Die Liste der Tätigkeiten ist aber noch länger. Den Ehrenamtspreis und das Ehrenamtsfest hat sie ins Leben gerufen, den Markt der Möglichkeiten organisiert sie, den „Wegweiser“, eine hundertseitige Broschüre mit allen Vereinen und Organisationen veröffentlicht sie.

180 Vereine hat Weil der Stadt.

Überhaupt die Vereine. 180 davon gibt es in Weil der Stadt. „Die Vereine mussten erst meinen Mehrwert erkennen, bevor sie mich akzeptiert haben“, sagt Gudrun Lieb. Mit Workshops, Fortbildungen und dem Markt der Möglichkeiten greift sie den Ehrenamtlichen dort unter die Arme.

Und das kommt an. „Sie ist eine sehr zuverlässige, hilfsbereite Mitarbeiterin, die sich sehr selbstständig, aber auch kritisch eingebracht hat“, lobt sie der Bürgermeister Thilo Schreiber.
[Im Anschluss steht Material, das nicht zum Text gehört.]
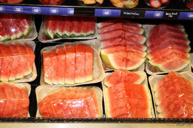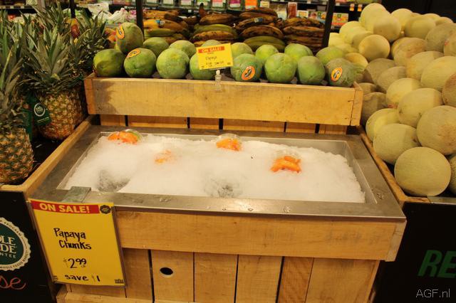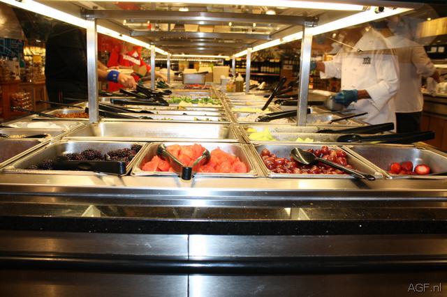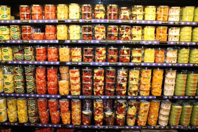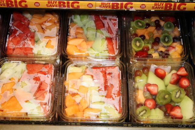 Fruitsalades in grote bakken. Op z'n Amerikaans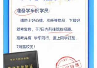 轉(zhuǎn)發(fā)此份通知書祝你被心儀學(xué)校錄取高考并肩,學(xué)車同行提升自己,助力未來邀上好友,7月相約駕校見暑期的意義不在于你休息了多久而在于你收獲了什么有的人宅家兩個(gè)月一事無成有的人學(xué)車考駕照未來可期所以報(bào)名學(xué)車就現(xiàn)在來亞夏駕校吧!歡迎大家前來試駕、咨詢、報(bào)名。報(bào)名熱線:0563-2062810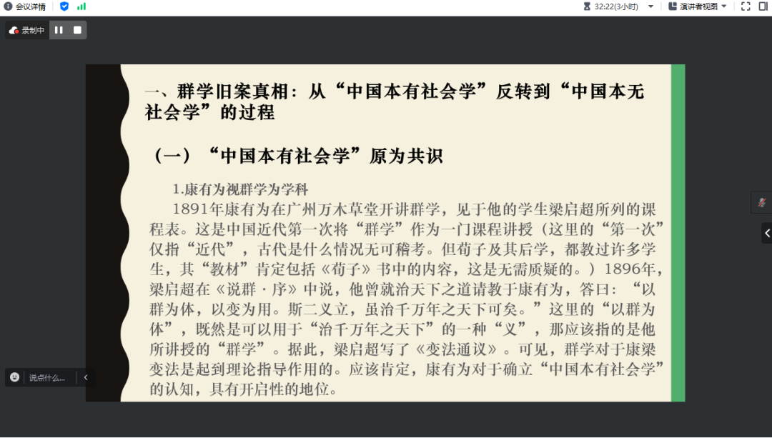 讲座伊始,景老师从“转型”一词切入中国近代社会,联想到中国近代社会所发生的变化与转型,群学当然也不例外。景老师指出,群学在向近代转型过程中,由于遭遇国运衰退以及西方社会学的强势传入等原因,“群学”之名逐渐被“社会学”之名所取代,由此引发出“中国本有社会学”和“中国本无社会学”的根本分歧。围绕这个根本分歧,景老师指出,“群学”之名被“社会学”之名所取代,到底是如何发生的?原因是什么?应该得出什么教训?景老师以这三个问题为引子开始今天的讲座。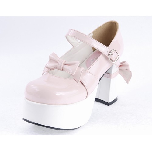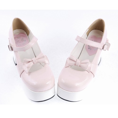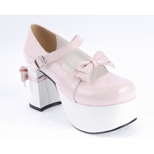 Home Lolita Lolita Footwear Rose et blanc 3.7″ talon haut en cuir synthétique adorable bout rond Bracelet Bow Décoration Plateforme Filles Chaussures Lolita LF0031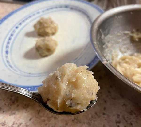 第4步、冷藏過的肉末更硬些,容易整型成丸子狀。最簡單做法,用勺子挖,每挖完一粒,就用冷水沖一下勺子,防止粘黏。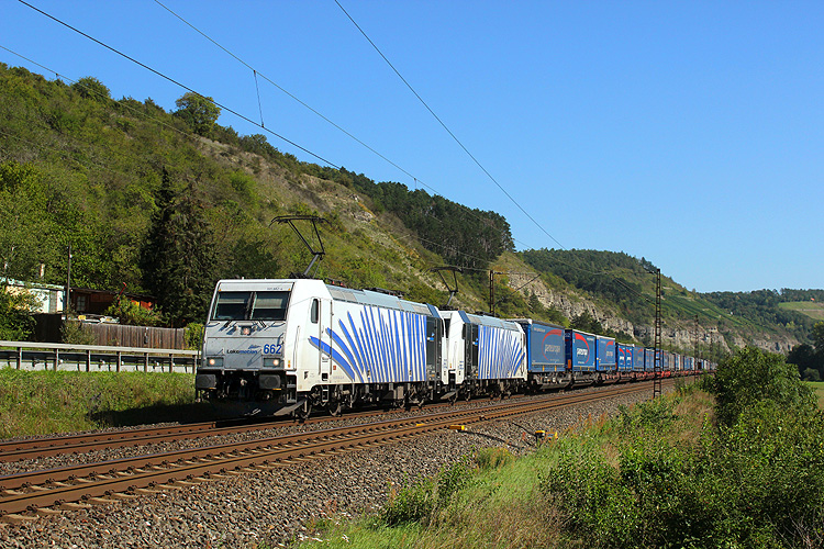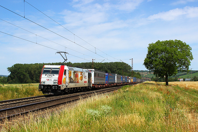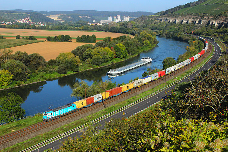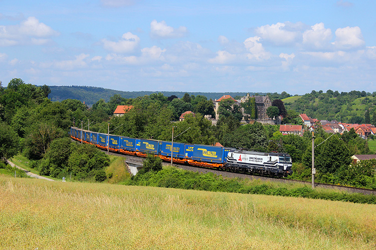 Höhepunkt waren hier gleich beide "Offroad" TXL 193 555+234 mit 186 104 und Transitalia-KLV in Richtung Würzburg. |
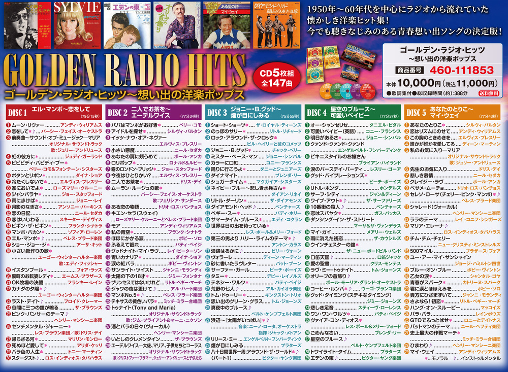 1950年~60年代を中心にラジオから流れていた懐かしき想い出の洋楽ヒット集! 今でもTVCMや番組、映画、ドラマでも使われている聴きなじみの曲を147曲も収録!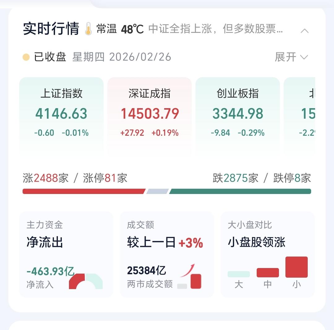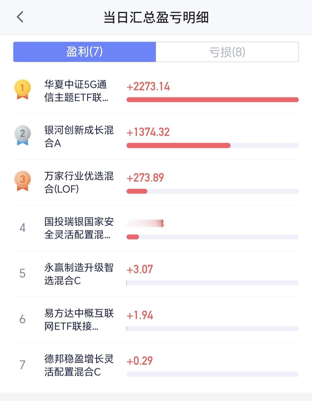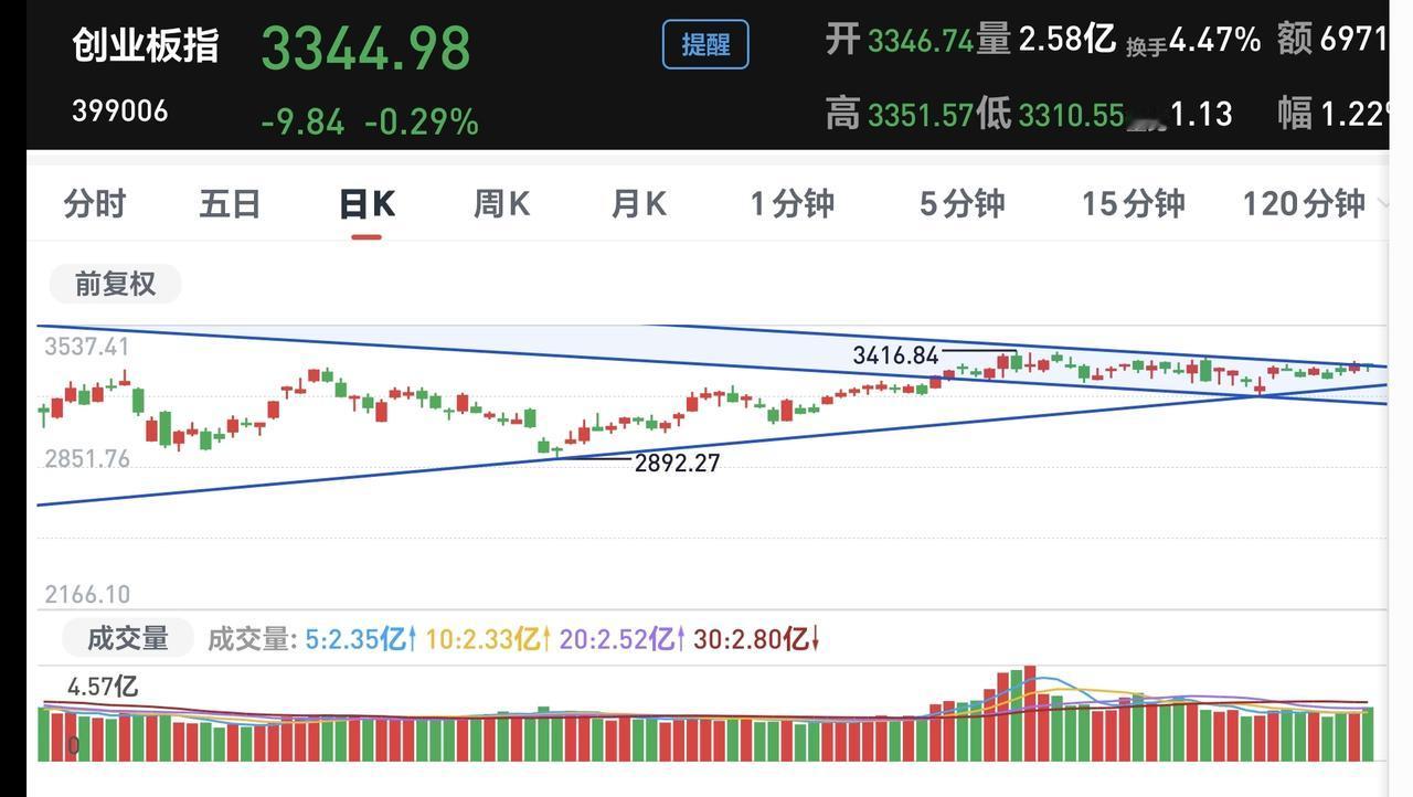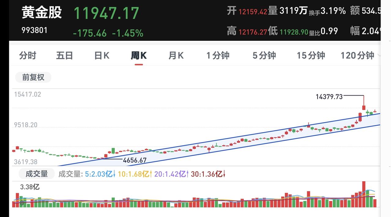 基金:继续做好再一次止盈的准备 今天市场高开以后小幅度波动,盘中最低4127点,盘中最高4152点,上下只有25个点的震荡幅度,创业板指下跌了0.29%,收于3344点,上证指数下跌了0.01%,收于4146点。 整个股票市场,上涨2488家,下跌2875家,涨停81家,跌停8家,上涨家数少于下跌家数。 持有的基金中,下午收盘的时候,估值盈利金额最大的三个板块是:5G板块,芯片半导体板块,先进制造板块,估值亏损金额最大的三个板块是:创新药板块,证券板块,沪港深消费,估值整体亏损了5192元。 整个基金市场,上涨6690家,下跌12899家,上涨幅度超过5%的15家,下跌幅度超过5%的15家。 图10是今天板块的上涨排行榜,上涨幅度最大的三个板块是:电网设备板块,CPO板块,通信板块,图11是今天板块的下跌排行榜,下跌幅度最大的三个板块是:创新药板块,储能板块,恒生科技板块,图12是今天基金的加仓和减仓人数,加仓51275211人,减仓31257161人,加仓人数超过了减仓人数。 整个市场主力资金净流入最多的三个板块是:电子板块,通信板块,信息技术板块,主力资金净流出最多的三个板块是:蓝筹策略板块,esg板块,国企板块。 1:今天高开低走探底回升的主要力量是黄色线,黄色线的高高在上,会让市场不容易大幅度下跌,盘中震荡以后也很容易拉上来。 2:今天两市累计成交25384亿,相比于昨天放量了3%,这个成交量也是中规中矩,主力资金净流出463亿。 3:看下面的截图14,这是上证指数日K线图,今天收盘的时候,处于日线级别短期下跌通道中,处于日线级别短期下跌趋势中,但现在处于下跌通道上轨线上,近期还是要观察上轨线的得失,但如果形成突破,也很快会到达前高4190点附近,也是我们需要高度注意的地方,那里我们会有很大的概率进行再一次止盈。创业板指的情况跟上证指数的情况是一样的,见下面的截图15,也是处于日线级别短期下跌通道中,也是位于下跌通道的上轨线上。 4:看下面的截图16,这是黄金板块日K线图,现在处于日线级别的上涨通道中,距离上涨通道的下轨线比较近,近期观察会不会跌破这个上涨通道的下轨线,如果跌破这个上涨通道的下轨线,短线持有的人需要注意风险。 看下面的截图17,这是黄金板块周K线图,现在的位置处于上涨通道的上方,上涨通道的下轨线是长线持有者的持有条件,只有跌破了周线级别上涨通道的下轨线,长线持有的人才需要考虑要不要止盈出来观望,在跌破周线级别上涨通道下轨线之前,所有的涨跌你都可以忽视。 5:看下面的截图18,这是脑机接口板块周K线图,现在的位置处于周线级别上涨通道中,与周线级别上涨通道的上下轨线还有一段距离,短期的涨跌都影响不了这个板块的上涨趋势,长线持有的人可以继续持有,周线级别上涨通道的下轨线是长线持有者的持有条件,只要不跌破周线级别上涨通道的下轨线,长线的人都可以继续持有。 今天指数下跌了0.01%,对市场的判断与昨天一样,还是继续做好随时随地进行再一次止盈的准备,如果明天直接向下下跌,高点的级别不大,半仓左右的人可以观望,如果最近上涨到4190点附近,然后开始下跌形成的高点,会是一个级别相对大的高点,到时候半仓左右的人也要考虑要不要进行再一次止盈。 我已经把自己持有的基金都重新过了一遍,哪些会考虑进行再一次止盈,哪些是肯定不会动,我已经心中有数,做了准备,可以不动,动的时候没有准备,就会手忙脚乱,就会忙中出错,你做好准备了没有?我如果进行再一次止盈,会第一时间分享给大家,如果你已经做好了准备,几分钟的时间就可以操作完成,如果你没有做好准备,你半个小时都完成不了操作。 花1秒钟点赞,花30秒钟评论,就是对我最大的支持,谢谢大家的支持。

Mit ihrer Pionierarbeit, die sie in der Fachstelle leisten musste, sei er sehr zufrieden. „Darauf kann Frau Reinert jetzt aufbauen.“

Das kann der Rathauschef aus eigener Anschauung bestätigen. Denn Isolde Reinert ist ihm persönlich und auch in Weil der Stadt keine Unbekannte. In den vergangenen sieben Jahren war sie die Sekretärin in Schreibers Vorzimmer. „Ich hatte den Wunsch nach Veränderung“, sagt Reinert selbst. „Nach der unterstützenden Rolle im Sekretariat möchte ich jetzt etwas eigenes gestalten.“

Die Voraussetzungen bringt die 58-Jährige mit, bürgerschaftliches Engagement ist für sie selbst nichts Unbekanntes. Ursprünglich kommt sie aus dem Saarland, was ihr immer noch anzuhören ist. Seit sie 24 ist, lebt sie aber im Heckengäu – gekommen ist sie der Liebe wegen. Zehn Jahre lang hat sie bei Daimler als Sekretärin gearbeitet. Nach der Erziehung ihrer zwei Kinder arbeitete sie für einen Chefarzt in Calw, seit 2012 schließlich für den Weil der Städter Bürgermeister.

Nebenbei ist die Althengstetterin beim Arbeitskreis Leben aktiv. Dort betreut sie Suizid-Patienten auf der Leonberger Intensivstation und kümmert sich um eine Gruppe Suchtkranker im Gefängnis Heimsheim – alles ehrenamtlich. „Mich selbst bringt dieses Engagement weiter“, sagt Reinert. „Ich lerne vom Lebensweg dieser Menschen, die ich begleite.“

Und das will sie jetzt in ihrer neuen Aufgabe auch anderen mit auf den Weg geben. Wie Gudrun Lieb zuvor, leitet Reinert die Fachstelle für Engagement und den Seniorentreff mit jeweils einer halben Stelle. Und noch etwas verbindet sie mit der Vorgängerin. Sie hat Ideen. Ein Projekt zum Mehrgenerationenwohnen will sie angehen, Theater mit Behinderten kann sie sich vorstellen und beim Seniorentreff will sie mehr Ausflüge anbieten. Daneben läuft eine Zukunftswerkstatt seit 2016 noch weiter, in der die Stärkung der Vereine, ein Waldweg und neue Wohnformen für Weil der Stadt diskutiert werden.